The run-llama/liteparse library handles document conversion seamlessly by treating any non-PDF input as a candidate for conversion before text extraction occurs. When you supply a DOCX file path to the parser, LiteParse triggers an automated pipeline that relies on LibreOffice to generate a temporary PDF, ensuring the downstream extraction logic always receives a standardized format regardless of the original file type.

## The Conversion Pipeline Architecture

LiteParse implements a **conversion-first pipeline** that intercepts non-PDF documents before they reach the extraction engine. Located in [`crates/liteparse/src/conversion.rs`](https://github.com/run-llama/liteparse/blob/main/crates/liteparse/src/conversion.rs), this module defines the extension tables, tool detection logic, and LibreOffice wrappers that make automatic DOCX to PDF conversion possible. The `LiteParse::parse` method in [`crates/liteparse/src/parser.rs`](https://github.com/run-llama/liteparse/blob/main/crates/liteparse/src/parser.rs) (lines 84-87) calls `conversion::resolve_pdf_input`, guaranteeing that downstream rendering logic always receives a valid PDF path.

## Step-by-Step DOCX to PDF Conversion

### File Type Detection via `resolve_pdf_input`

When a file path is supplied, the `resolve_pdf_input` function (lines 97-109 in [`crates/liteparse/src/conversion.rs`](https://github.com/run-llama/liteparse/blob/main/crates/liteparse/src/conversion.rs)) extracts the extension and checks whether it matches the *office* extensions defined in lines 10-12 of the same file. If the file is not already a PDF, the function immediately forwards the path to `convert_to_pdf` for processing.

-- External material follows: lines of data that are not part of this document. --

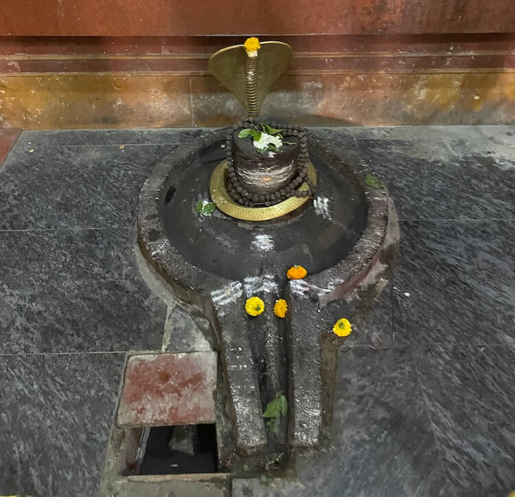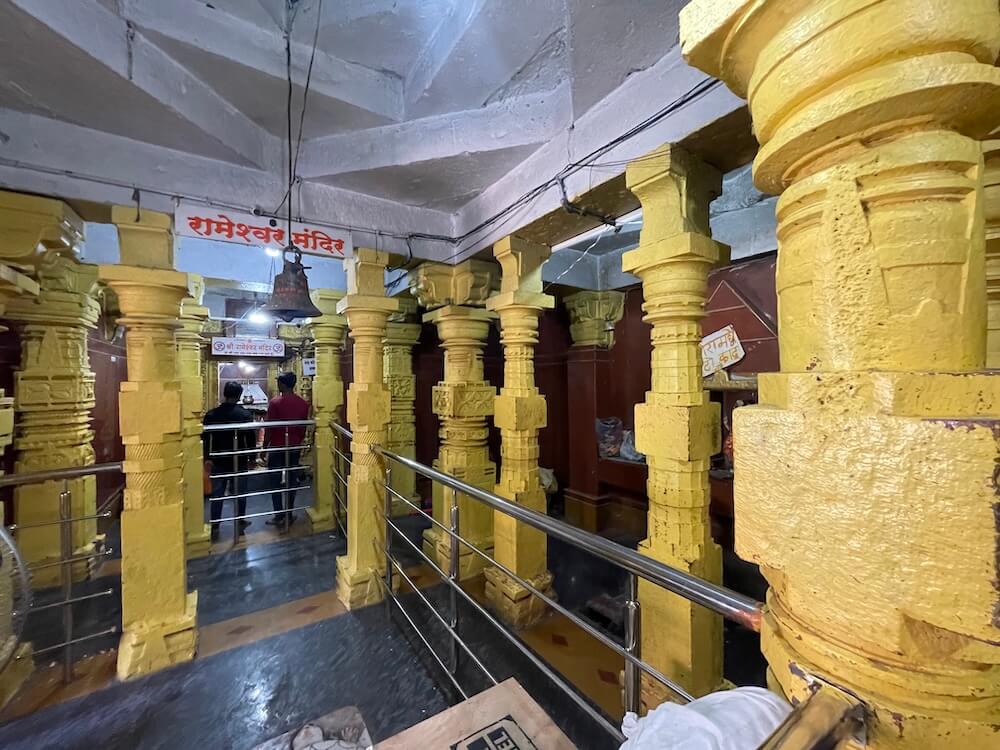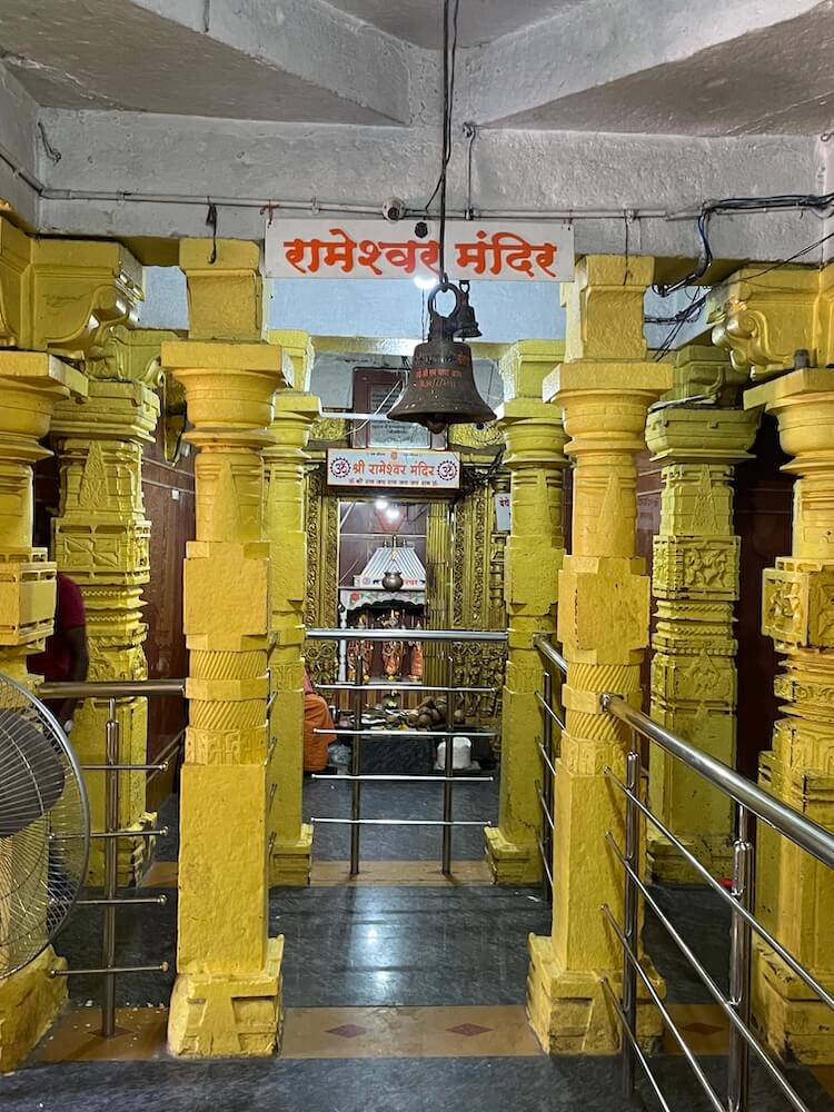 येथून पुढे अंतराळ व त्यापुढे गर्भगृहाचे सात द्वारशाखा असलेले प्रवेशद्वार आहे. द्वारशाखांवर खालील बाजूस द्वारपाल, द्वारपालिका, गंगा, यमुना यांची शिल्पे आहेत व वरील बाजूस नरशाखा, व्यालशाखा, पर्णलताशाखा, पुष्पलताशाखा आणि स्तंभशाखा आहेत. ललाटबिंबावर गणपती शिल्प आहे व ललाटपट्टीवर पानाफुलांचे नक्षीकाम केलेले आहे. गर्भगृहात जमिनीवर मध्यभागी शिवपिंडी आहे. शिवपिंडीवर छत्र धरलेला पितळी नाग आहे. या वालुकामय शिवपिंडीची स्थापना श्रीरामाने केली होती, असे सांगितले जाते. गर्भगृहात मागील भिंतीजवळ वज्रपीठावर श्रीराम, लक्ष्मण व सीता यांच्या संगमरवरी मूर्ती आहेत.
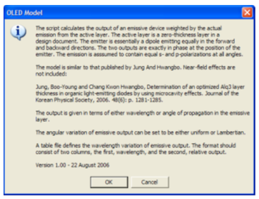腳本計算了發光器件與作為發光層實際輸出的比例。發光層由厚度為零的層表示,并嵌入在design中代表器件結構。運行開始時,腳本會先確定發光層。
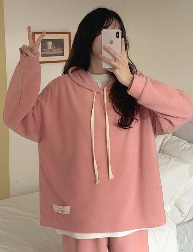 가볍고따뜻해 寬鬆 搖粒絨 衛衣 褲 套裝 85545
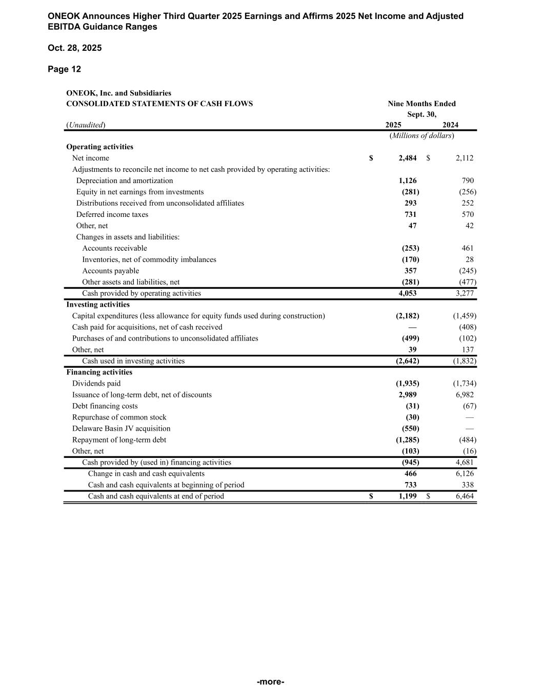 ONEOK Announces Higher Third Quarter 2025 Earnings and Affirms 2025 Net Income and Adjusted EBITDA Guidance Ranges Oct. 28, 2025 Page 12 -more- ONEOK, Inc. and Subsidiaries CONSOLIDATED STATEMENTS OF CASH FLOWS Nine Months Ended Sept. 30, (Unaudited) 2025 2024 (Millions of dollars) Operating activities Net income $ 2,484 $ 2,112 Adjustments to reconcile net income to net cash provided by operating activities: Depreciation and amortization 1,126 790 Equity in net earnings from investments (281) (256) Distributions received from unconsolidated affiliates 293 252 Deferred income taxes 731 570 Other, net 47 42 Changes in assets and liabilities: Accounts receivable (253) 461 Inventories, net of commodity imbalances (170) 28 Accounts payable 357 (245) Other assets and liabilities, net (281) (477) Cash provided by operating activities 4,053 3,277 Investing activities Capital expenditures (less allowance for equity funds used during construction) (2,182) (1,459) Cash paid for acquisitions, net of cash received — (408) Purchases of and contributions to unconsolidated affiliates (499) (102) Other, net 39 137 Cash used in investing activities (2,642) (1,832) Financing activities Dividends paid (1,935) (1,734) Issuance of long-term debt, net of discounts 2,989 6,982 Debt financing costs (31) (67) Repurchase of common stock (30) — Delaware Basin JV acquisition (550) — Repayment of long-term debt (1,285) (484) Other, net (103) (16) Cash provided by (used in) financing activities (945) 4,681 Change in cash and cash equivalents 466 6,126 Cash and cash equivalents at beginning of period 733 338 Cash and cash equivalents at end of period $ 1,199 $ 6,464

### Tool Selection and LibreOffice Resolution

The `convert_to_pdf` function examines the file extension and selects the appropriate conversion tool. For DOCX and other Office-related extensions, it maps the input to `ConversionTool::LibreOffice` (lines 68-73). Before execution, the helper `find_libre_office_command` (lines 60-71) discovers a usable LibreOffice binary on the host system, searching for `libreoffice`, `soffice`, or known platform-specific installation paths.

### Headless Conversion Execution

The `convert_office_document` function (lines 200-211) invokes the resolved LibreOffice binary in **headless mode** to eliminate GUI dependencies. It creates a temporary user profile to avoid lock contention with existing LibreOffice instances and directs the PDF output to a freshly created temporary directory. This sandboxed approach ensures concurrent conversions do not interfere with each other.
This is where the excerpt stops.